Picasso, Pollock et le mur de Breton

d'Lëtzebuerger Land du 17.01.2025

C’est aux années quarante du siècle dernier que nous ramène l’association des trois noms du titre, années de la guerre en Europe, certes, de destruction, et les muses sont alors censées restées sans voix. À New York, au contraire, période d’ensemencement, voire de fruits qui allaient très vite mûrir. D’ailleurs, Jackson Pollock n’avait pas attendu la venue de exilés européens, il avait lu le livre de John D. Graham, Primitive Art and Picasso, à sa parution en 1937, et c’est tout de suite après qu’il est allé voir Guernica pour de vrai, avant une exposition du peintre andalou au MoMA.

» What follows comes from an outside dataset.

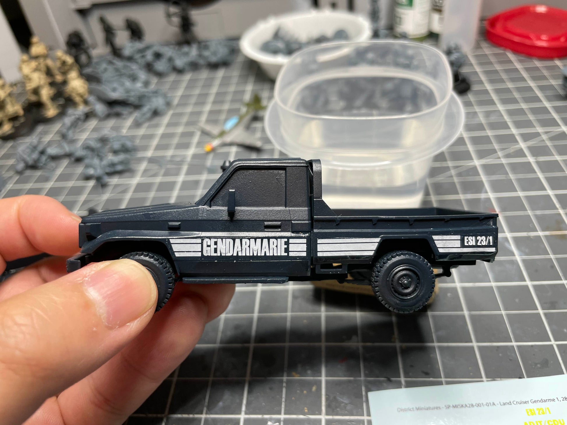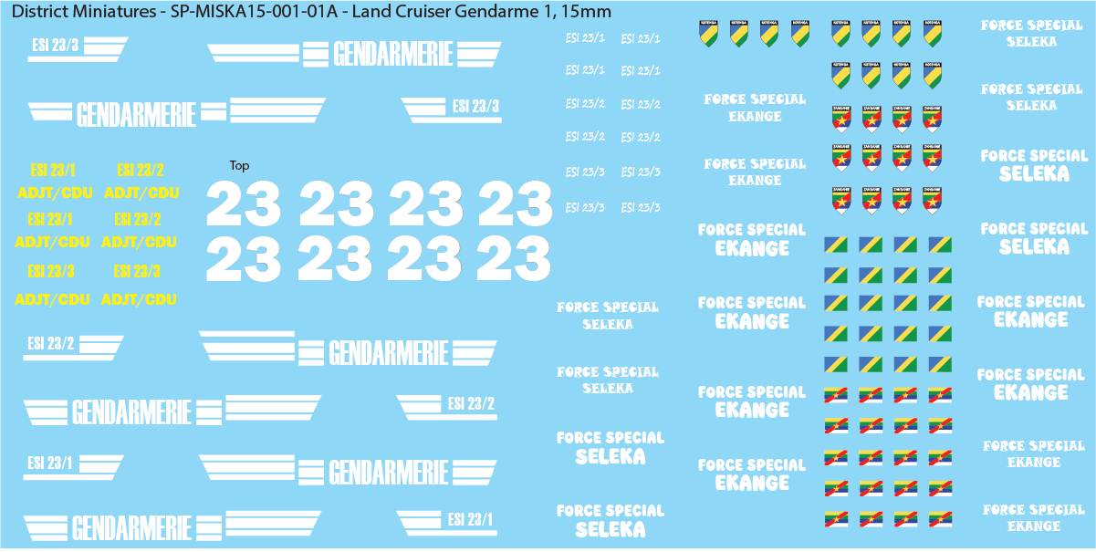 Included are a variety of police and gendarmerie options, as well as crest/flags for the Kotenga region or Zanganie forces. The large Force Special markings have been seen in reference photos to go on the side of the doors on the land cruiser.

Pollock est sous l’emprise de l’Espagnol, d’où logiquement l’exposition (jusqu’à dimanche soir) au Musée Picasso dans le Marais, des premières années de l’Américain, après sa proximité avec les muralistes mexicains. Les pourings et drippings viendront après, salués par le critique Clement Greenberg, qui feront de Pollock une figure emblématique de la culture américaine.

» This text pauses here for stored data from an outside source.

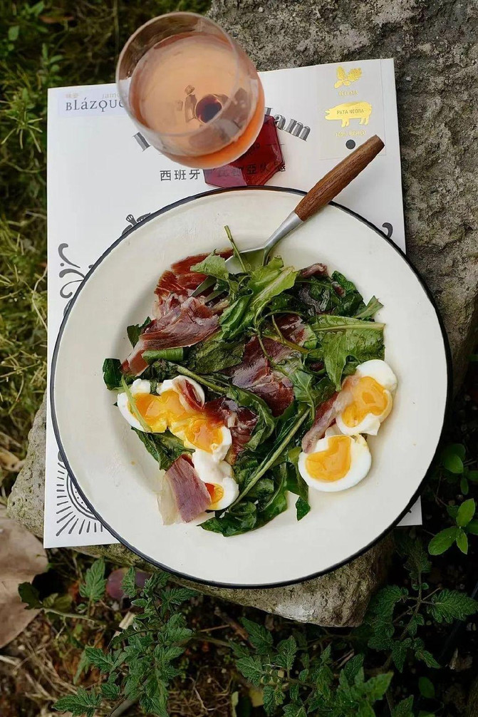 Para el almuerzo, un plato de jamón de cerdo negro 5J en el bosque de roble español, un pequeño sorbo de sopa de sopa de rosmarín, de repente tiene una pequeña certeza de principios de primavera.
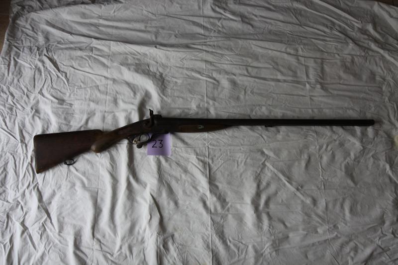Escopeta de caza de retrocarga, de dos cañones. Fuego anular. Mecanismo de tipo Lafoucheux con muelle real interno y trasero.
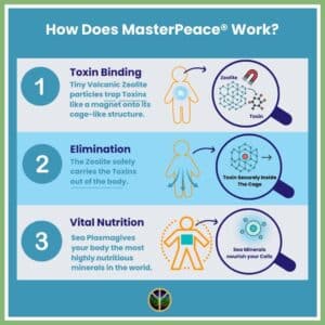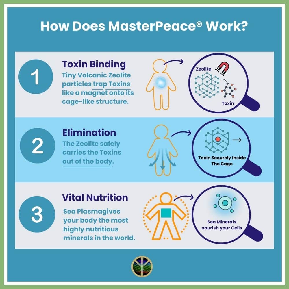 - MasterPeace uses microscopic zeolite to attract and bind these toxins like a magnet.
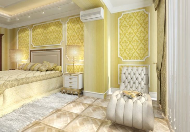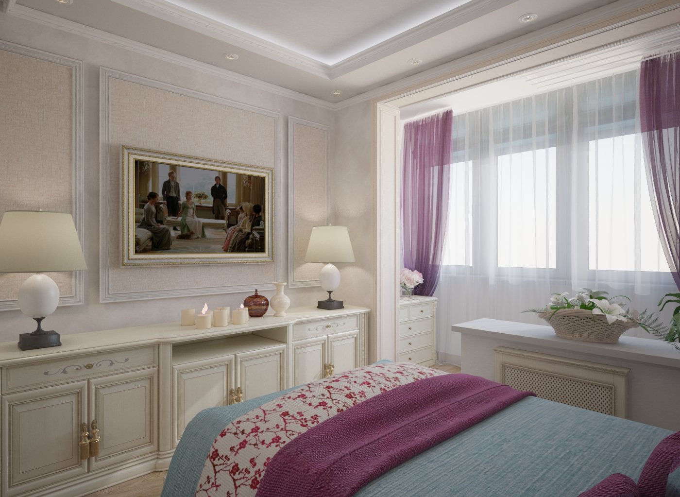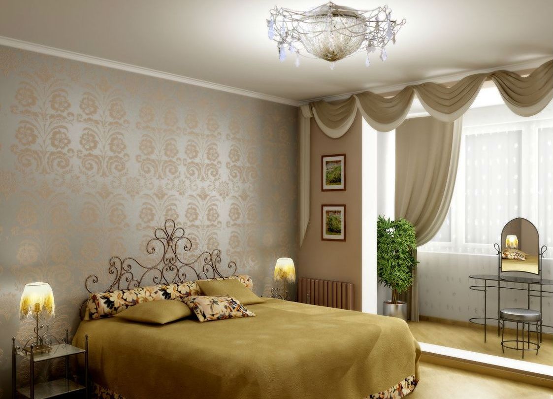 Le design de la chambre combiné avec une loggia dans un style classique

Nous n’en sommes pas encore là, ce sera pour la dernière salle. Avant, il y a donc l’obsession de Picasso, elle est telle que Lee Krasner, avec qui Pollock est marié jusqu’à sa mort en 1956, rapporte que son homme maudissait Picasso, disant que quelque part qu’il aille, l’autre l’a précédé. Il est vrai que Picasso, lui, affirmait ne pas chercher, qu’il trouvait. Pollock va chercher de deux côtés, carambolage de temps, pour Lévi-Strauss, du moderne et de l’archaïque ; ses figures hybrides, ses masques, renvoient à des motifs indigènes, d’autre part aux sources picassiennes. Mais reconnaissons-leur déjà une densité, une concentration, et comme plus tard un parfait jeu des couleurs.

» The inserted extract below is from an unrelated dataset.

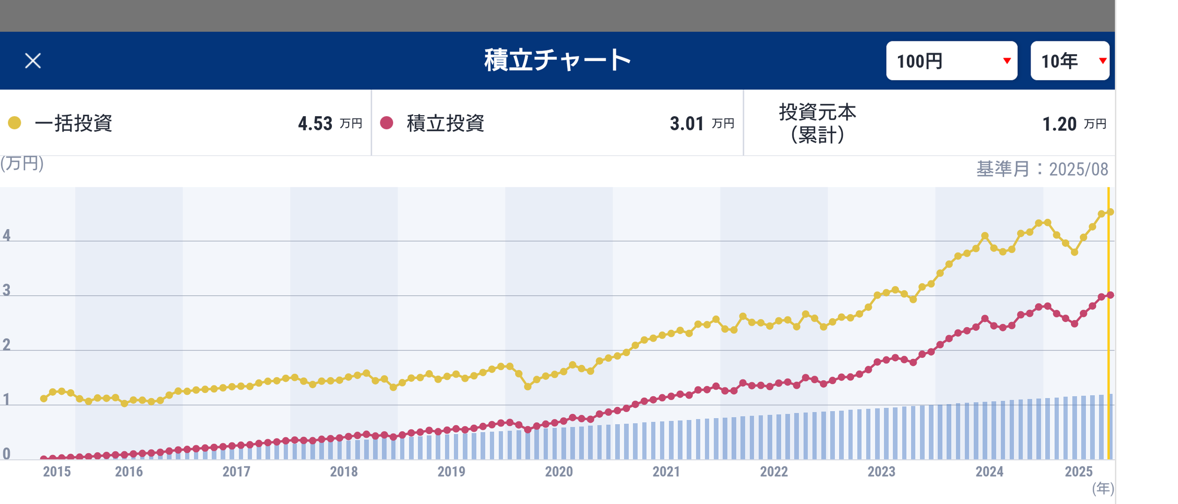 ニッセイ外国株式インデックスファンドに毎月100円を10年積立投資をした結果です。
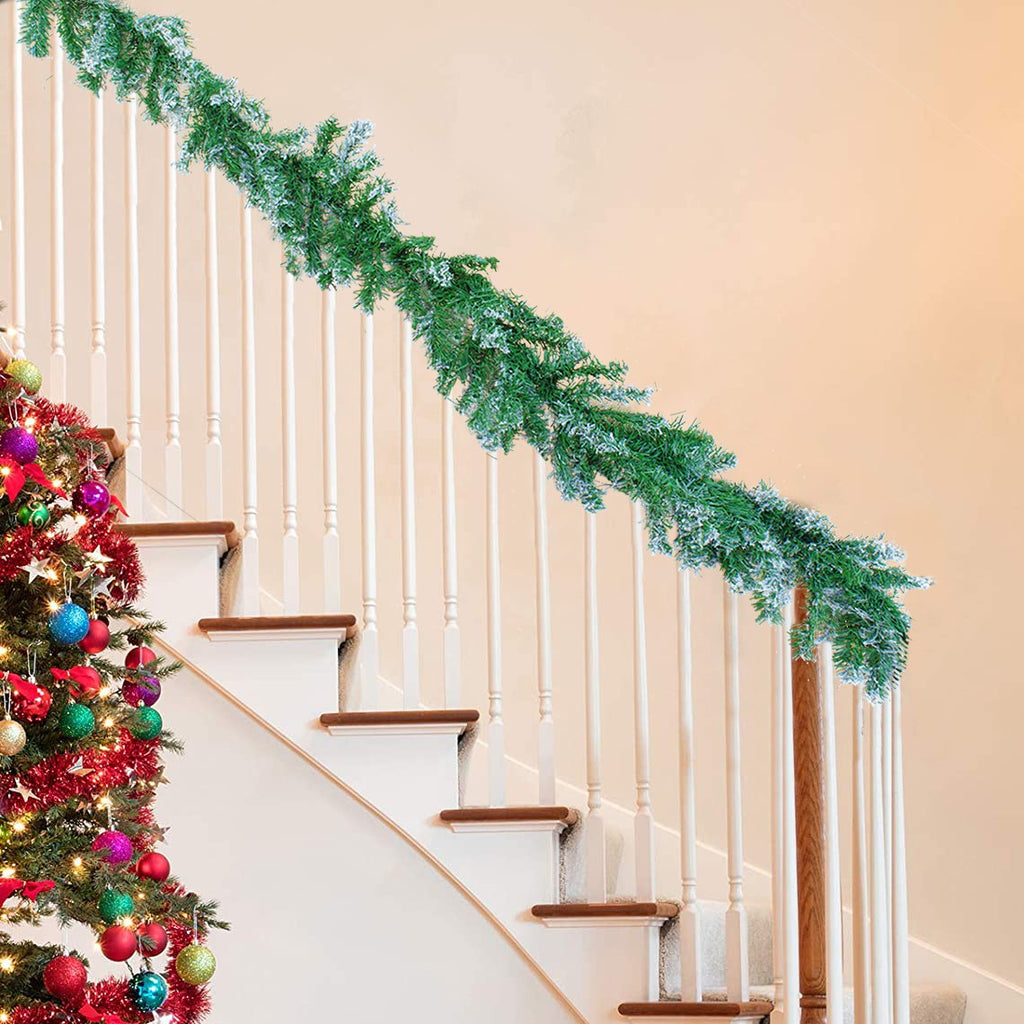 Versuchen Sie, mit diesem wunderschönen Weihnachtskranz eine wunderbare Weihnachtsatmosphäre zu schaffen. Dieser künstliche Ast mit Schneeeffekt ist 290 cm lang und ist: Sie können Spaß daran haben, andere Dekorationen und Lichter daran aufzuhängen oder ihn so zu lassen, wie er ist, er wird Ihrer Umgebung wirklich ein warmes und einladendes Aussehen verleihen. Perfekt für Regale, Möbel, Torbögen, Türen, Kamine, Fensterbänke und jede andere Ecke Ihres Hauses, Büros oder Geschäfts

Picasso a passé toute l’Occupation dans son atelier rue des Grands-Augustins. Pour survivre, la plupart des surréalistes n’avaient que la fuite, l’exil, André Breton le premier, et Pollock, avec eux à New York se trouvait en terrain connu ; la psychanalyse, l’écriture et le dessin automatiques, ça le connaît, il est en cure avec Joseph Henderson, analyste jungien toutefois, loin de Freud, pour son addiction à l’alcool. Et il lui apporte et soumet quelque soixante-dix dessins utilisés comme supports thérapeutique.

Très tôt, dès 1921, Breton avait acheté des œuvres de Picasso aux premières ventes du marchand Kahnweiler. Et toute sa vie durant, lui aussi fonctionne à la façon du carambolage des temps. Nous sommes en 1922, pour la première fois en vente publique à Paris, organisée par Paul Guillaume, des « sculptures nègres » sont associées à des tableaux modernes. Breton, qui s’est installé au 42 rue Fontaine, y acquiert un « fétiche cuivre et bois de l’Ogooué » (fleuve et région du Gabon) ainsi qu’une nature morte de Giorgio de Chirico. Avec l’argent reçu pour sa réussite au bac, il avait acquis une figure de l’île de Pâques (reproduite dans Nadja, elle se trouve aujourd’hui au musée du Quai Branly – Jacques Chirac).

Depuis 2003, avec la dation en paiement fiscal, le Musée national d’art moderne a pu reconstituer en partie l’atelier de Breton, un mur en porte témoignage, 255 objets, plus 91 sur le bureau de l’écrivain, foisonnement hétéroclite dont Julien Gracq écrivait que l’espace disponible s’en était trouvé rétréci au point qu’il n’était plus possible d’y circuler que selon des cheminements précis. Un livre paru aux Éditions du Centre Pompidou en novembre en fait l’inventaire complet, quelque 367 pages, d’illustrations, de commentaires. Un apport inestimable en cette année anniversaire, d’une Wunderkammer du vingtième siècle.

Le bric-à-brac, en l’occurrence réduit à un seul artiste, Breton l’avait aimé rue de La Rochefoucauld avec Gustave Moreau, il voulait s’y laisser enfermer avec une lanterne sourde. Une folle accumulation, il l’avait trouvée boulevard Saint-Germain avec Apollinaire, au dernier étage d’un immeuble. Et les deux fois, une capacité d’émerveillement, dans un présent qui « tend de toutes ses forces à anticiper sur l’avenir ».